Use DeepInfra's serverless inference for CortexDB embeddings and entity extraction.
DeepInfra Provider
Access a wide catalog of open-source models through DeepInfra's serverless inference platform with pay-per-token pricing.
Overview
DeepInfra provides serverless and dedicated inference for open-source models. This integration configures CortexDB to use DeepInfra for:
- Embedding generation — high-quality open-source embedding models
- Entity extraction — Llama, Mistral, and other chat models for relationship extraction
Installation
pip install cortexdb-deepinfra
Configuration
| Environment Variable | Default | Description |
|---|---|---|
| CORTEX_DEEPINFRA_API_KEY | Required | DeepInfra API key |
| CORTEX_DEEPINFRA_EMBED_MODEL | BAAI/bge-large-en-v1.5 | Embedding model |
| CORTEX_DEEPINFRA_CHAT_MODEL | meta-llama/Meta-Llama-3.1-70B-Instruct | Chat model |
Embedding Models
| Model | Dimensions | Description |
|---|---|---|
| BAAI/bge-large-en-v1.5 | 1024 | High-quality general-purpose embeddings by BAAI |
| sentence-transformers/all-MiniLM-L6-v2 | 384 | Lightweight, fast sentence embeddings |
| intfloat/e5-large-v2 | 1024 | Strong multilingual embedding model |
Usage Example
from cortexdb_deepinfra import DeepInfraEmbeddingProvider, DeepInfraConfig
config = DeepInfraConfig(api_key="your-deepinfra-api-key")

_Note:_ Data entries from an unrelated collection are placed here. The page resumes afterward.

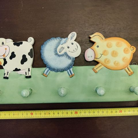 IKEA Lasten naulakko, muotoiltu pupuksi ajamassa porkkanalla. Leveys n. 30 cm.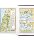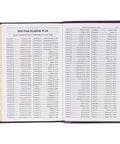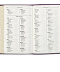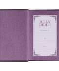 The frame and scroll motif are repeated on the back cover. The same gold-foiled and heat-debossed title appears on the spine, where gold-foiled and heat-debossed spine ribbing adds an extra touch of elegance. Gold gilt-edged pages and an attached purple satin ribbon page marker add style to an already beautiful design. The lay-flat binding of the flexcover Bible allows it to open completely flat without damaging the spine.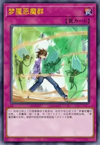 ①:把自己场上1只怪兽解放才能发动。在对方场上把3只「梦魇恶魔衍生物」(恶魔族·暗·6星·攻/守2000)攻击表示特殊召唤。「梦魇恶魔衍生物」被破坏时那控制者受到每1只800伤害。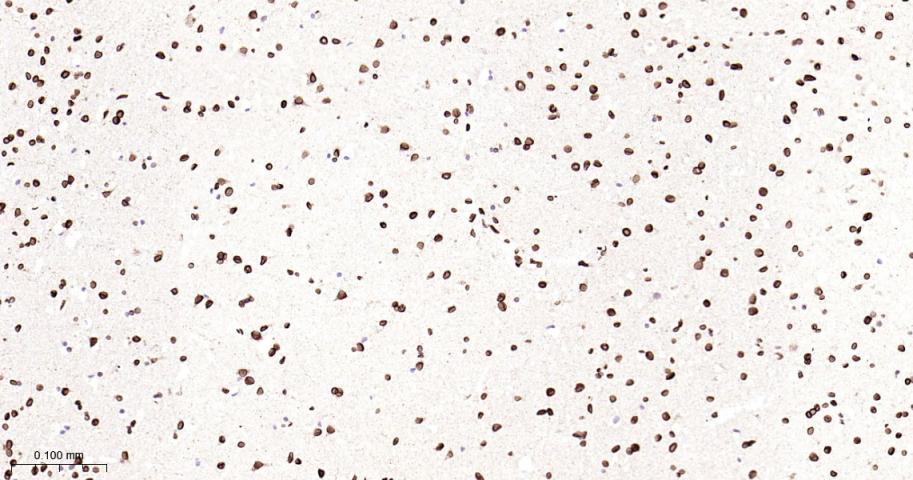 Paraformaldehyde-fixed, paraffin embedded Human Cerebrum; Antigen retrieval by boiling in sodium citrate buffer (pH6.0) for 15 min; Antibody incubation with Lamin B2 Monoclonal Antibody, Unconjugated(bsm-61648R) at 1:200 overnight at 4°C, followed by conjugation to the bs-0295G-HRP and DAB (C-0010) staining.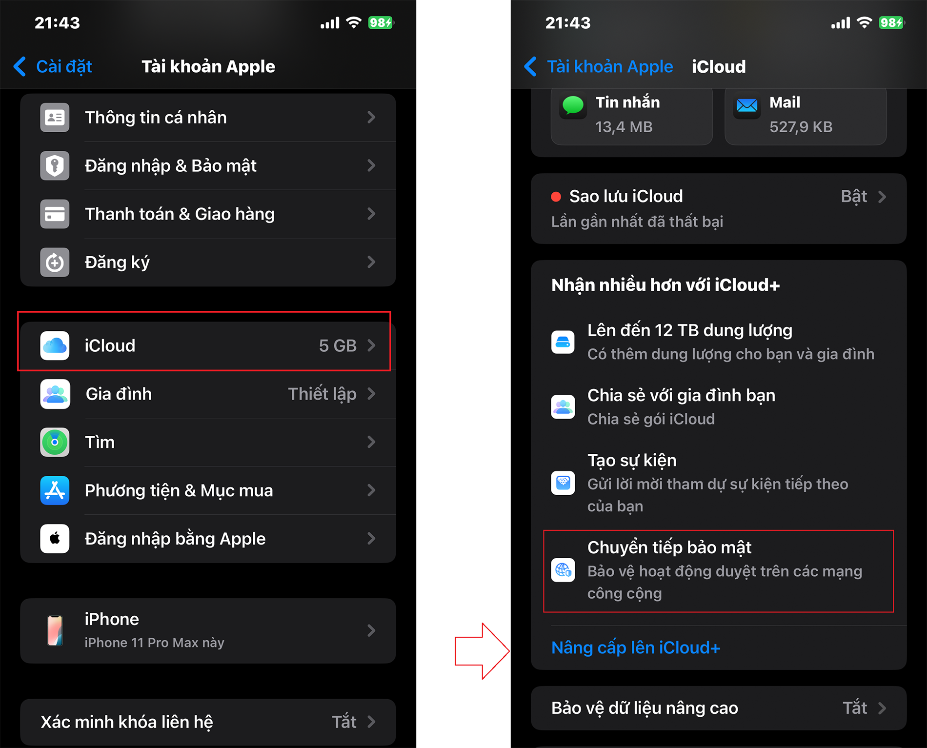 Để cài đặt, bạn vào Cài đặt > Hồ sơ cá nhân > iCloud > Nâng cấp lên iCloud+, rồi chọn Private Relay (Chuyển tiếp bảo mật)

async with DeepInfraEmbeddingProvider(config=config) as provider:
embedding = await provider.embed_query("What is event sourcing?")

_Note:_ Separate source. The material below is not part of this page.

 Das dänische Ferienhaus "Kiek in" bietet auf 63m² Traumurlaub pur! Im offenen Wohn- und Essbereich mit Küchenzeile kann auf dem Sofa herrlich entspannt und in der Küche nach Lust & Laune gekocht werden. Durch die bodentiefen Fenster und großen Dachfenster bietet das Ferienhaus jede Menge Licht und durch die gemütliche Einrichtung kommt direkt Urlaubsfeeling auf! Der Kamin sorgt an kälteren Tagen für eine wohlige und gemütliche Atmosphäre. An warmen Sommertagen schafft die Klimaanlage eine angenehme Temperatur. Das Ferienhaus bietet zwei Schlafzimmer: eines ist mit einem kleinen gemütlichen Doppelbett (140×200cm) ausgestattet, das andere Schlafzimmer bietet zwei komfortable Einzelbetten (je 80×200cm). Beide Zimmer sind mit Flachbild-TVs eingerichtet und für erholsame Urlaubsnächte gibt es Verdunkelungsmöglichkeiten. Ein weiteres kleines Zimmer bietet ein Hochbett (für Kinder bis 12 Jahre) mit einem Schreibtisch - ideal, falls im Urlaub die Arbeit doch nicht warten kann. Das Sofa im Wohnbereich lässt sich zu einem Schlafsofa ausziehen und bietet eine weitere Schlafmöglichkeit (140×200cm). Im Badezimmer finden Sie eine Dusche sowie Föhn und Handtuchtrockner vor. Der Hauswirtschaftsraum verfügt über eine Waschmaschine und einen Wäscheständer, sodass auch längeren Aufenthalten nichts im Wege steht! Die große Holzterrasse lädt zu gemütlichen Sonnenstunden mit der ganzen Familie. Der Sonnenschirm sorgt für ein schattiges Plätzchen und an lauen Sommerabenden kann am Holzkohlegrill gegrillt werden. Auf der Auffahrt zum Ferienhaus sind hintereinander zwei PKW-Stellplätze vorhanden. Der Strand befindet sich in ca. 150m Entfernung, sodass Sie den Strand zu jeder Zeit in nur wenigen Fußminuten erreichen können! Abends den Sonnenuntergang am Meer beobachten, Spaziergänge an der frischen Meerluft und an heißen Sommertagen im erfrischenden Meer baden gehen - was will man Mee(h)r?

print(f"Dimension: {provider.dimension}") # 1024
embeddings = await provider.embed([
"Event sourcing stores all changes as events.",
"CQRS separates reads from writes.",
])
Using a Different Model
config = DeepInfraConfig(
api_key="your-deepinfra-api-key",
embed_model="sentence-transformers/all-MiniLM-L6-v2",
)
provider = DeepInfraEmbeddingProvider(config=config)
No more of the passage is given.